4.7 Primary Cutaneous Diffuse Large B-Cell Lymphoma, Leg Type
Primary cutaneous DLBCL, leg type (PCDLBCL, leg type) is a special variant of diffuse large B-cell lymphoma with a characteristic clinical presentation, morphology, and immunophenotype [1]. It usually develops on the lower legs of predominantly female older adults. There is a diffuse infiltration of the skin and subcutaneous tissues by large cells, often centroblasts and immunoblasts, forming large cutaneous nodules [178]. The tumor cells express BCL2, IRF4/MUM1, and FOXP1, while CD10 and BCL6 are negative. A characteristic feature is strong cytoplasmic expression of IgM and MYC protein (without underlying MYC rearrangements). Leg-type DLBCL often displays an ABC-type (or non-GCB-type) expression profile. High-level amplifications of the BCL2 locus have been seen in two thirds of cases along with CDKN2A deletion or promoter methylation. Mutation analyses have revealed MYD88 L265 mutations in 60% of the cases and presence of mutations in genes characteristic of ABC-type DLBCL, such as CARD11, CD79B, und TNFAIP3 [179].
4.8 Primary Central Nervous System Lymphoma
Primary CNS lymphoma (PCNSL) is a malignant lymphoid neoplasm arising in the brain, spinal cord, or leptomeninges; intraocular lymphoma forms a subset of PCNSL. PCNSL are predominantly diagnosed as large B cell lymphomas [139] and can develop in either immunocompetent or immunosuppressed patients. The affected individuals are in general elderly adults with a slight male predominance while, among immunodeficient patients, HIV-infected individuals, with younger age and clear male predominance at presentation are commonly seen.

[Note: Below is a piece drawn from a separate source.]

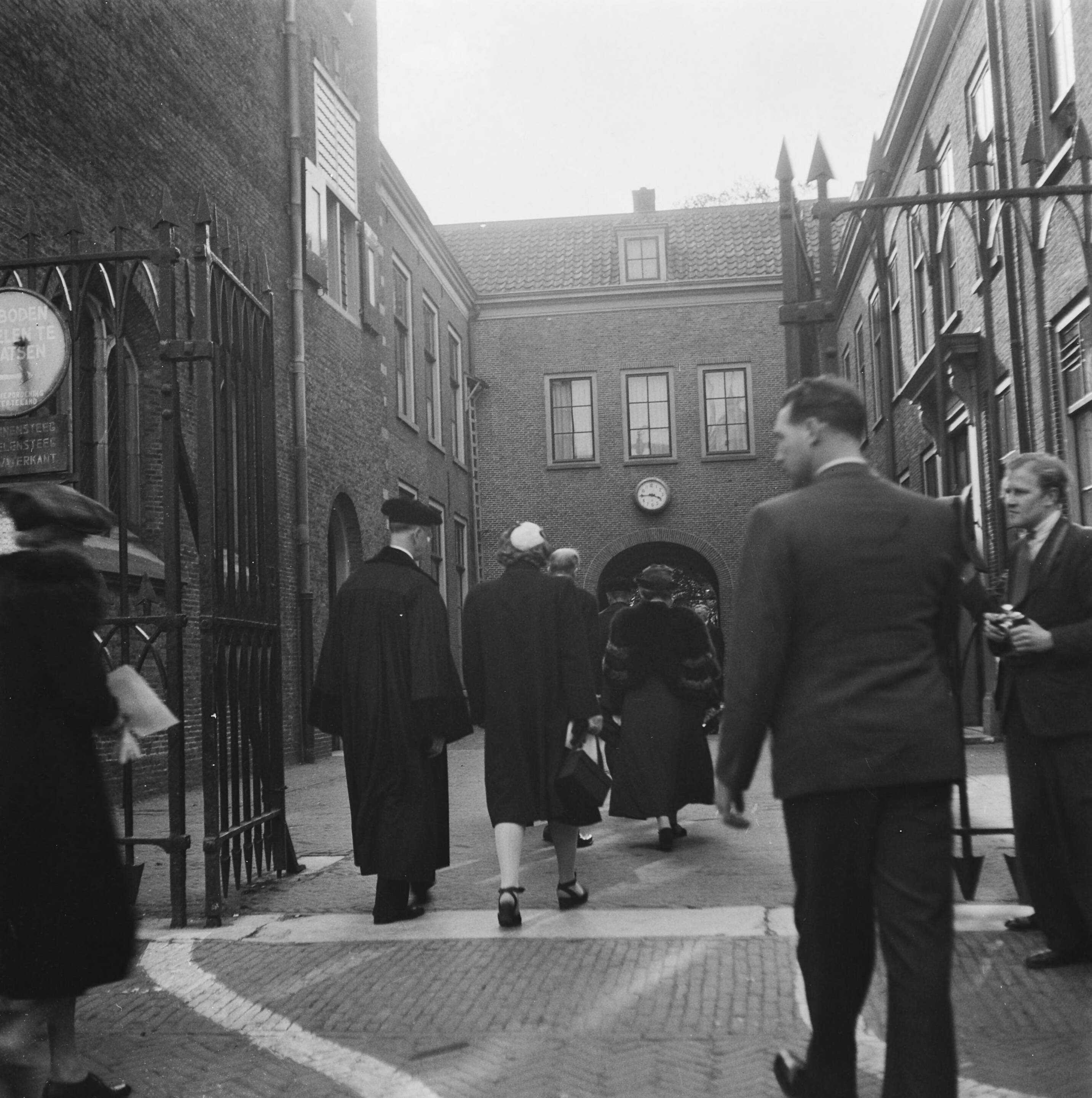 Koningin Wilhelmina en prinses Juliana betreden ingang Hortus Botanicus

Histology characteristically reveals a diffuse proliferation of blasts with perivascular growth and—often extensive—necrosis. The tumors are usually composed of immunoblasts or centroblasts. They express pan B-cell antigens, usually BCL2, IRF4/MUM1, and often BCL6 implying a non-GCB immunophenotype [180]. PCNS-DLBCL shares with other lymphomas arising at immune-privileged sites the characteristic downregulation of MHC class II antigens [181]. Virtually all cases of PCNS-DLBCL in immunosuppressed patients are positive for EBERs, and a subset of them also expresses LMP1.

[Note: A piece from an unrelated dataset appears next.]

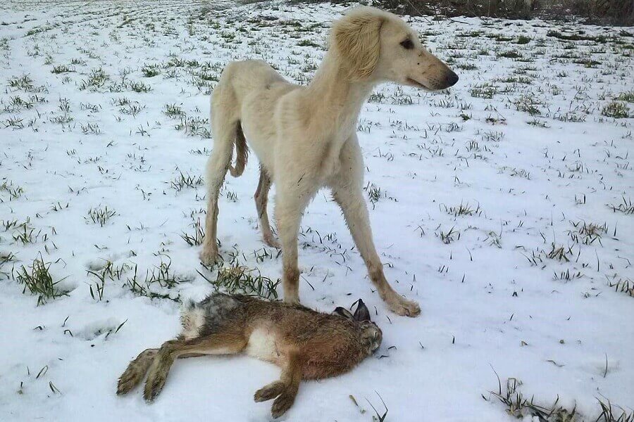 Кроме охоты на зайца с гончими, не меньший интерес представляет ловля зайца с другими собаками – борзыми. Это одиночный ловец, но для настоящей охоты желательно иметь хотя бы небольшую свору из 2-3 собак. В отличие от гончих, охота с борзыми на зайца имеет свои особенности: собаки преследуют добычу молча, а настигнув – хватают и душат, не повреждая шкурку. Еще нюанс – как правило, промысел ведется без использования оружия: эта порода сама по себе «бегающее ружье». По существу, борзая собака освобождает охотника от многих действий, благодаря чему охоту с борзыми на зайца называют «царской» или «ленивой». Ограничением для такой охоты можно назвать неблагоприятные для собак погодные условия.

At the molecular level, several lines of investigation support a role for both the NF-κB and JAK/STAT signaling pathways as mediators of pro-survival signals in this tumor type [182]: besides the presence of multiple genetic alterations in NF-κB regulators (see below), interleukin-4 is upregulated at the transcript and protein level within the vascular microenvironment; IL-10 (another first messenger in the JAK/STAT signaling) is increased in the vitreous and cerebrospinal fluid, and increased JAK1 transcripts are detected in the tumor cells [182]. Elevated IL-10 expression alongside activation of JAK/STAT signaling are consistent with aberrant activation of the MYD88 pathway.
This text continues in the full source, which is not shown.